__Work instruction__
Could you reproduce all of the entries below without a single change?

== Segment start ==

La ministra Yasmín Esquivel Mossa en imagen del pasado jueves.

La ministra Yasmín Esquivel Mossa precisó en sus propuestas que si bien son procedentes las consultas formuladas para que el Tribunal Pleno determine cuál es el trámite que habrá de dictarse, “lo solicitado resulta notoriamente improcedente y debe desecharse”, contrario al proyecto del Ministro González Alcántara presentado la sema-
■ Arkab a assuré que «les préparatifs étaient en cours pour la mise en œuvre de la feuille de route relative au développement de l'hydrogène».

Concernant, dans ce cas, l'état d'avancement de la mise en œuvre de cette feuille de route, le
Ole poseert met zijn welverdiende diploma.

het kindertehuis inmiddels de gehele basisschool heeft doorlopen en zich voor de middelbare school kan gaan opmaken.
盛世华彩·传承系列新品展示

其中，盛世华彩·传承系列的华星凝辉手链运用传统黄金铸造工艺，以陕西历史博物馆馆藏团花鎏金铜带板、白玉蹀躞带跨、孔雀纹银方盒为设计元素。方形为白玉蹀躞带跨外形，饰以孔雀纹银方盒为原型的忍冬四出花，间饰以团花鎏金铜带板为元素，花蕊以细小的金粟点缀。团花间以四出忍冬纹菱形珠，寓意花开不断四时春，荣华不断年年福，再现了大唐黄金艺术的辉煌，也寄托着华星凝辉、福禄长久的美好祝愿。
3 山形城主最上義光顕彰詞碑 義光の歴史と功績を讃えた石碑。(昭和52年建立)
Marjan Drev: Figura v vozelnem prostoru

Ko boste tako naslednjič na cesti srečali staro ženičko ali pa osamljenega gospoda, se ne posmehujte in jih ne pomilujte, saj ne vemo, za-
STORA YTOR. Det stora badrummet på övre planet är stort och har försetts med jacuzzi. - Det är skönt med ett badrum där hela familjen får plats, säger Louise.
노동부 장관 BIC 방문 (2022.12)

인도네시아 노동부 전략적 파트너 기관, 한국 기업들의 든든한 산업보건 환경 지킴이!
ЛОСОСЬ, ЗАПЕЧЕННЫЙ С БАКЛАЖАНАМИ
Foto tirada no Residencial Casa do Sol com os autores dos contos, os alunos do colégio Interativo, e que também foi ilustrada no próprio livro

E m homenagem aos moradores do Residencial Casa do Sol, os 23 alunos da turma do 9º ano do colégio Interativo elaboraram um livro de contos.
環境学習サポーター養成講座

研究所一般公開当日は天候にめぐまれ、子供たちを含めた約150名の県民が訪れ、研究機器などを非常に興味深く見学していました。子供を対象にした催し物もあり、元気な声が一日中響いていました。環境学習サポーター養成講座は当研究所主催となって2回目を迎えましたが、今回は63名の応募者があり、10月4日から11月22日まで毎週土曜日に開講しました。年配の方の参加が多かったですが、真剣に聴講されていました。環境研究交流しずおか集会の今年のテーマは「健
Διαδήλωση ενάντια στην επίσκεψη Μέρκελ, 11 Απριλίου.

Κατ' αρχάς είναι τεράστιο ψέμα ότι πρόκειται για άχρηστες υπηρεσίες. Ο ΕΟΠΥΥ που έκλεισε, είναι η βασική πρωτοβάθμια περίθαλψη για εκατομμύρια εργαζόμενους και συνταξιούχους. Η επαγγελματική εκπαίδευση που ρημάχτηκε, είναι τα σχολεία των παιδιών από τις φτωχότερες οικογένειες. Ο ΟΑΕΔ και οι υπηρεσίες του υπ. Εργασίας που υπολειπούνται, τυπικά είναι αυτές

== Segment end ==

__Finished task__
La ministra Yasmín Esquivel Mossa en imagen del pasado jueves.

La ministra Yasmín Esquivel Mossa precisó en sus propuestas que si bien son procedentes las consultas formuladas para que el Tribunal Pleno determine cuál es el trámite que habrá de dictarse, “lo solicitado resulta notoriamente improcedente y debe desecharse”, contrario al proyecto del Ministro González Alcántara presentado la sema-
■ Arkab a assuré que «les préparatifs étaient en cours pour la mise en œuvre de la feuille de route relative au développement de l'hydrogène».

Concernant, dans ce cas, l'état d'avancement de la mise en œuvre de cette feuille de route, le
Ole poseert met zijn welverdiende diploma.

het kindertehuis inmiddels de gehele basisschool heeft doorlopen en zich voor de middelbare school kan gaan opmaken.
盛世华彩·传承系列新品展示

其中，盛世华彩·传承系列的华星凝辉手链运用传统黄金铸造工艺，以陕西历史博物馆馆藏团花鎏金铜带板、白玉蹀躞带跨、孔雀纹银方盒为设计元素。方形为白玉蹀躞带跨外形，饰以孔雀纹银方盒为原型的忍冬四出花，间饰以团花鎏金铜带板为元素，花蕊以细小的金粟点缀。团花间以四出忍冬纹菱形珠，寓意花开不断四时春，荣华不断年年福，再现了大唐黄金艺术的辉煌，也寄托着华星凝辉、福禄长久的美好祝愿。
3 山形城主最上義光顕彰詞碑 義光の歴史と功績を讃えた石碑。(昭和52年建立)
Marjan Drev: Figura v vozelnem prostoru

Ko boste tako naslednjič na cesti srečali staro ženičko ali pa osamljenega gospoda, se ne posmehujte in jih ne pomilujte, saj ne vemo, za-
STORA YTOR. Det stora badrummet på övre planet är stort och har försetts med jacuzzi. - Det är skönt med ett badrum där hela familjen får plats, säger Louise.
노동부 장관 BIC 방문 (2022.12)

인도네시아 노동부 전략적 파트너 기관, 한국 기업들의 든든한 산업보건 환경 지킴이!
ЛОСОСЬ, ЗАПЕЧЕННЫЙ С БАКЛАЖАНАМИ
Foto tirada no Residencial Casa do Sol com os autores dos contos, os alunos do colégio Interativo, e que também foi ilustrada no próprio livro

E m homenagem aos moradores do Residencial Casa do Sol, os 23 alunos da turma do 9º ano do colégio Interativo elaboraram um livro de contos.
環境学習サポーター養成講座

研究所一般公開当日は天候にめぐまれ、子供たちを含めた約150名の県民が訪れ、研究機器などを非常に興味深く見学していました。子供を対象にした催し物もあり、元気な声が一日中響いていました。環境学習サポーター養成講座は当研究所主催となって2回目を迎えましたが、今回は63名の応募者があり、10月4日から11月22日まで毎週土曜日に開講しました。年配の方の参加が多かったですが、真剣に聴講されていました。環境研究交流しずおか集会の今年のテーマは「健
Διαδήλωση ενάντια στην επίσκεψη Μέρκελ, 11 Απριλίου.

Κατ' αρχάς είναι τεράστιο ψέμα ότι πρόκειται για άχρηστες υπηρεσίες. Ο ΕΟΠΥΥ που έκλεισε, είναι η βασική πρωτοβάθμια περίθαλψη για εκατομμύρια εργαζόμενους και συνταξιούχους. Η επαγγελματική εκπαίδευση που ρημάχτηκε, είναι τα σχολεία των παιδιών από τις φτωχότερες οικογένειες. Ο ΟΑΕΔ και οι υπηρεσίες του υπ. Εργασίας που υπολειπούνται, τυπικά είναι αυτές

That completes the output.